Optimal number of features (FS) and model configurations for all the classifiers (excluding Vote and Vote3).

As concerns Vote and Vote3, we do not consider the best configurations of the models individually but we train all the models from scratch and validate the voting classifiers independently from what are the best configurations for GLM, KNN etc. The reason behind this is that the performance of a voting ensemble does not always improve as the performance of the voting members improves. Sometimes weakening one member to decrease its importance in the vote can be beneficial for the final decision. In other cases the difference between two configurations for a single classifier is so negligible that the final vote is not affected at all. This is confirmed by our experiments, with Vote and Vote3 obtaining better accuracy with configurations that are different from those in Table 4. The optimal hyper-parameters for the voting classifiers are reported in Table 5.

Vote
Model Hyper-parameters
GLM model: LR, regularization: 2, reg. weight: 0.0045
KNN distance: 1-norm, k: 16, neighbor weight: distance inverse
MLP hidden layer size: 8, reg. weight: 0.001
SVM kernel: RBF, kernel coeff.: 111, reg. weight: 0.009
RF split criterion: Gini, # of trees: 32
AB split criterion: Gini, # of trees: 32
Vote3
Model Hyper-parameters
KNN distance: 1-norm, k: 16, neighbor weight: distance inverse
RF split criterion: InfoGain, # of trees: 32
AB split criterion: Gini, # of trees: 32
Table 5.

Optimal configurations for Vote and Vote3 (differences from Table 4 in bold).

Each model resulting from the grid search is then trained and evaluated on the entire dataset by using 10-fold cross validation.

4.2. Model comparison

The different models and ensembles are compared with respect to the measures described in Section 2. Table 6 summarizes the results for all the classifiers in terms of average accuracy, F1 score, AUC-PR and AUC-ROC, with the indication of the corresponding standard errors. Furthermore, Figures 69 provide box plots as well as PR and ROC curves.

Fig. 6.

Box plot of classification accuracy.

Accuracy F1 score AUC-PR AUC-ROC
LR 0.586 ± 0.0077 0.569 ± 0.0085 0.603 ± 0.0075 0.806 ± 0.0051
kNN 0.792 ± 0.0067 0.792 ± 0.0066 0.891 ± 0.0055 0.938 ± 0.0034
MLP 0.591 ± 0.0150 0.552 ± 0.0230 0.659 ± 0.0110 0.831 ± 0.0077
SVM 0.663 ± 0.0066 0.669 ± 0.0076 0.881 ± 0.0062 0.930 ± 0.0049
AB 0.836 ± 0.0069 0.837 ± 0.0068 0.883 ± 0.0060 0.936 ± 0.0036
RF 0.840 ± 0.0076 0.838 ± 0.0081 0.905 ± 0.0055 0.949 ± 0.0028
Vote 0.844 ± 0.0028 0.843 ± 0.0028 0.917 ± 0.0036 0.960 ± 0.0018
Vote3 0.837 ± 0.0073 0.837 ± 0.0073 0.923 ± 0.0034 0.963 ± 0.0017
Table 6.

Average scores and standard errors for all the classifiers (best scores in bold).

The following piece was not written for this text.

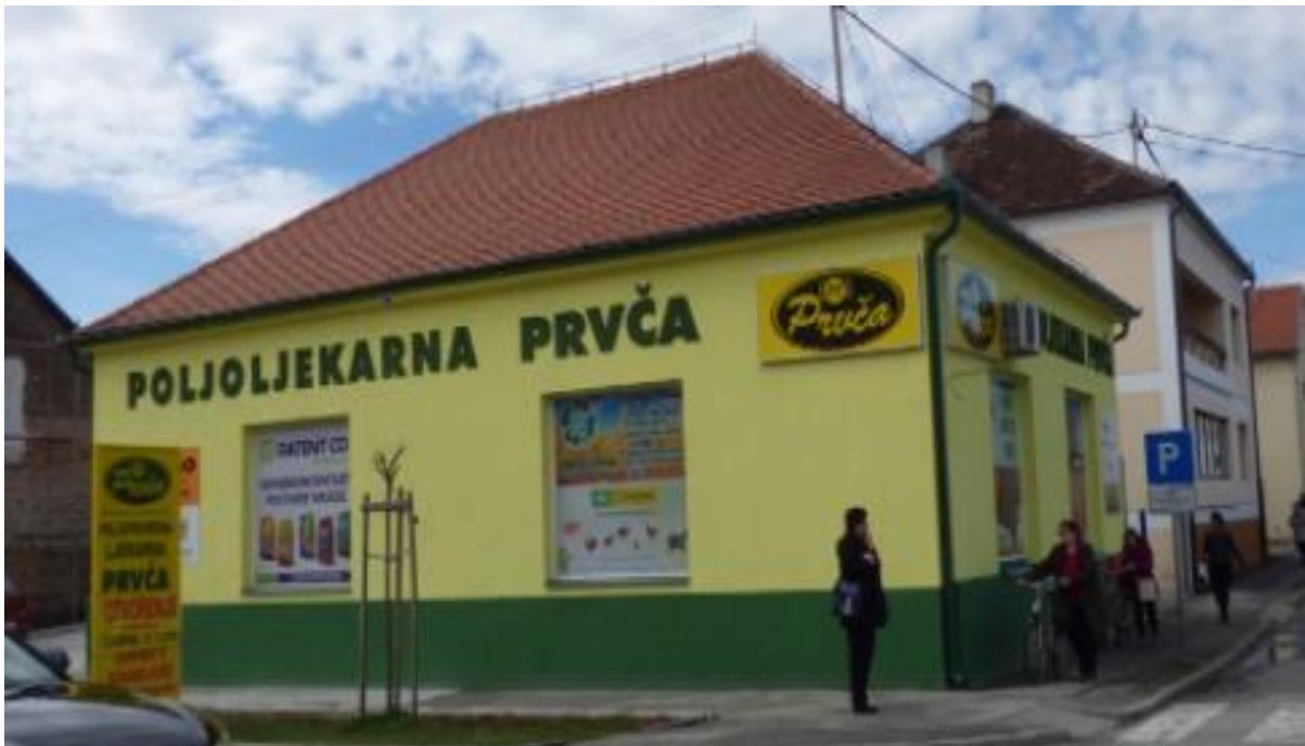
Slika 9. Prodavaonica poljoljekarne Prvča

Nadalje, na pitanje o marketinškim stručnjacima u tvrtki Prvča, navodi kako intenzivno rade na zapošljavanju novih i educiranju starih zaposlenika tvrtke. Zaposlenici u marketingu tvrtke Prvča su kreativni, maštoviti i ulažu puno vremena u provedbu ovakvog oblika marketinga. Sugovornik navodi kako zaista za ovakav oblik marketinga trebaju stručnjaci koji su maštoviti i kreativni. Trendovi se mijenjaju pa tako i marketing više nije onaj stari tradicionalni, nego novi moderni gerila marketing. Navodi da su u planu daljnje edukacije jer njihovoj tvrtki je ovaj oblik marketinga najisplativiji.

The classifiers based on ensembles of decision trees (AB and RF) as well as those based on voting ensembles (Vote and Vote3) achieve the best accuracy. Their average accuracy is ≈ 0.84, with the voting classifiers that lead to a slightly better median accuracy (≈ 0.841 for Vote and ≈ 0.85 for Vote3).

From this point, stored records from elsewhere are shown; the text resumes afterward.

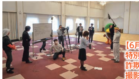
【6月放送予定】 特別定額給付金 詐欺被害防止 撮影風景
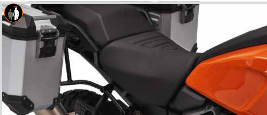
D. TALLBOY SOLO SITZ – PAN AMERICA

Für RA1250, RA1250S ab '21 und RA1250SE Modelle ab '24.
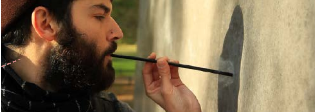
Video: Aykan Safoğlu, Almanya / Germany, 2013, 13', renkli / color Almanca; Türkçe altyazılı / German with Turkish subtitles

Güncel toplumsal cinsiyet teorisi alanının önde gelen isimlerinden Judith Butler 2010 yılında kendisine verilen “Berlin Onur Ödülü”nü almayı reddettiğinde, yaptığı basın açıklamaları, Almanya'da gay ve lezbiyenlere ilişkin siyasi tartışmaları daha da alevlendirdi. Görsel materyaller, yaşanan tartışmalara ilişkin haber kupürleri ve kültürel tarihten ödünç alınan tartışmaları bir araya getiren Safoğlu'nun bu video çalışması, kapitalist konformizm, ırkçılık, cinsiyet politikaları ve “homonasyonizm” gibi bu tartışmaların merkezinde yer alan motifleri irdeliyor. Eser, Berlin Maxim Gorki Tiyatrosu'nun siparişi üzerine hazırlandı.
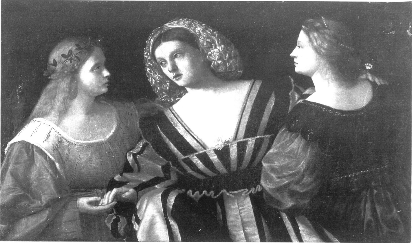
Abb. 1: Unbekannter Künstler, Mythisches Hochzeitsbild, zwischen 1520 und 1530, Öl auf Leinwand, 75 x 125,5 cm, Privatbesitz.
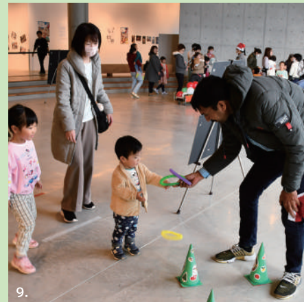
1.「日本語学習支援をつづけるためのヒント」講座 2.「やさしい日本語」講座 3. 旅する気分♪「ブラジルのカインカイ遊び」 4. 防犯・防災セミナー「Safety Seminar」 5.「日本語学習サポート入門」講座 6. 10代～30代のための英会話 CAFE「OPEN ENGLISH」 7.「国際理解出前講座」 8. 旅する気分♪「フィリピンの食べ物・飲み物」 9.「留学生と一緒に！ Christmas Party」
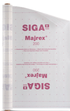
Majrex ® 200
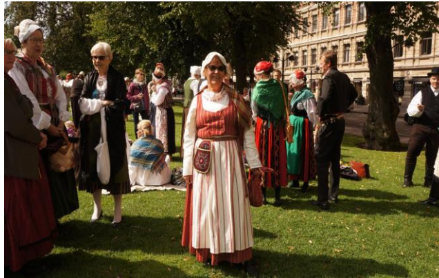
Kansallispuukujen tuuletusta Espan puistossa kesällä 2019

Lisää tietoa tapahtumista saa yhdistyksen kotisivuilta ja jäsenkirjeistä.
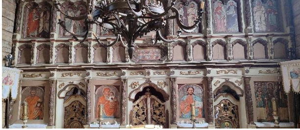
Фото. Сучасний іконостас Шелестівської церкви в Ужгородському скансені 29

Інші яруси іконостасу заповнені іконами XVIII століття, що походять із церкви села Колочава 30 . Раніше іконостас Шелестівської церкви прикрашали ікони видатного закарпатського живописця XVII сторіччя Іллі Бродлаковича-Вишенського 31 . Яскравий представник українського бароко народився та працював у Судовій Вишні, що на Львівщині. Потім переїхав у Мукачево. Підписувався: «Ілля Бродлакович Малярь Вишенский, Малярь Мукачівский». Ікони його пензля – «Архангел Михаїл», «Святий Миколай», «Богоматір Одігітрія» – зберігають у Закарпатському обласному художньому музеї ім. Йосипа Бокшая. Більшість оригінальних ікон Шелестівської церкви зникли 32 .
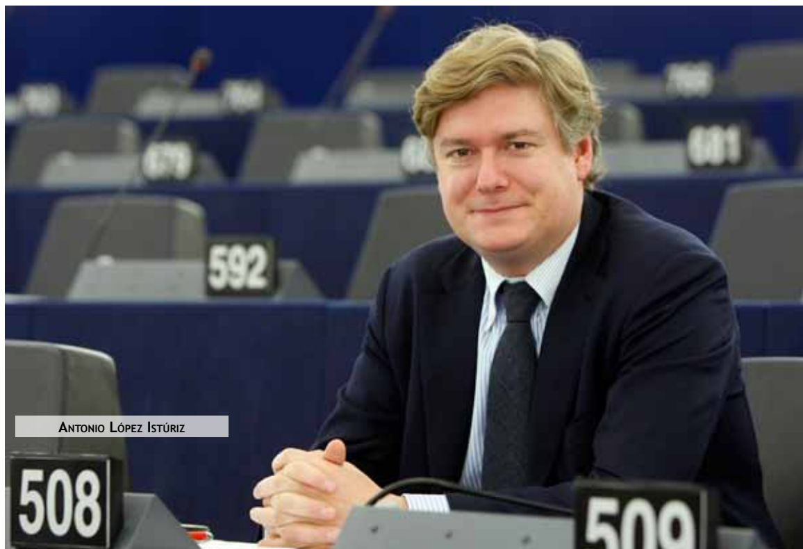
ANTONIO LÓPEZ ISTÚRIZ

- Cred că sunt declarații total nefericite, la fel ca și pliantul acela. Dacă sunt adevărate și întocmai, eu nu le-am auzit, repet, sunt nefericite și nu au nici o legătură cu realitatea. Procesul de integrare a romilor în Spania, înainte să vină cei din România, a fost unul de succes de-a lungul anilor și această populație nu reprezintă un procent important de infractori sau de mafii organizate. Dimpotrivă. De asemenea, ar trebui să ne uităm cine stă în spatele acestor grupuri obscure, care, de multe ori, pătează imaginea unei comunități, în alte țări mai mult decât în Spania, cum e cazul românilor din Italia. În Spania, acțiunile unora, puțini la număr, afectează negativ imaginea celor mulți. Aceste
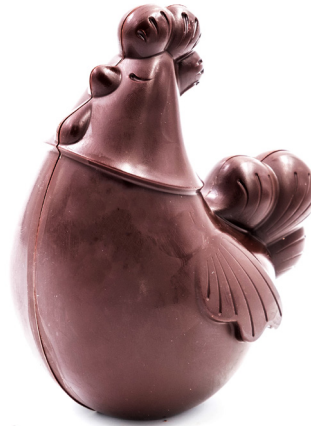
Cocotte Noir ou lait 19,00 € 220g

It is also evident that Vote is the most robust, since it relies on a larger committee in order to reduce the variance of the final decisions. KNN achieves an average accuracy of ≈ 0.79 and sometimes is comparable to AB or RF. All the remaining models (LR, MLP and SVM) behave significantly worse. For LR, this can be explained by the evident non-linearity of the problem, while for MLP and SVM the scarcity of the data probably represents the biggest obstacle. Note that in the case of the MLP, the best configuration selected 8 neurons and not bigger values such as 16 or 32, thus suggesting that the size of the network is not relevant for the classification.

Fig. 7.

Box plot of F1 score.

The limited set of samples and the categorical nature of most of the features make the MLP and SVM models ineffective. This explains also why the classifiers that can easily deal with categorical features as those based on decision trees (AB and RF) behave generally better. These findings are also confirmed by comparing the models on the F1 score, which accounts for the precision and the recall measures simultaneously. The best average score (≈ 0.843) is achieved by Vote, with RF the second-best (≈ 0.838). The worst results belong to the MLP, which is also the model with the largest variance.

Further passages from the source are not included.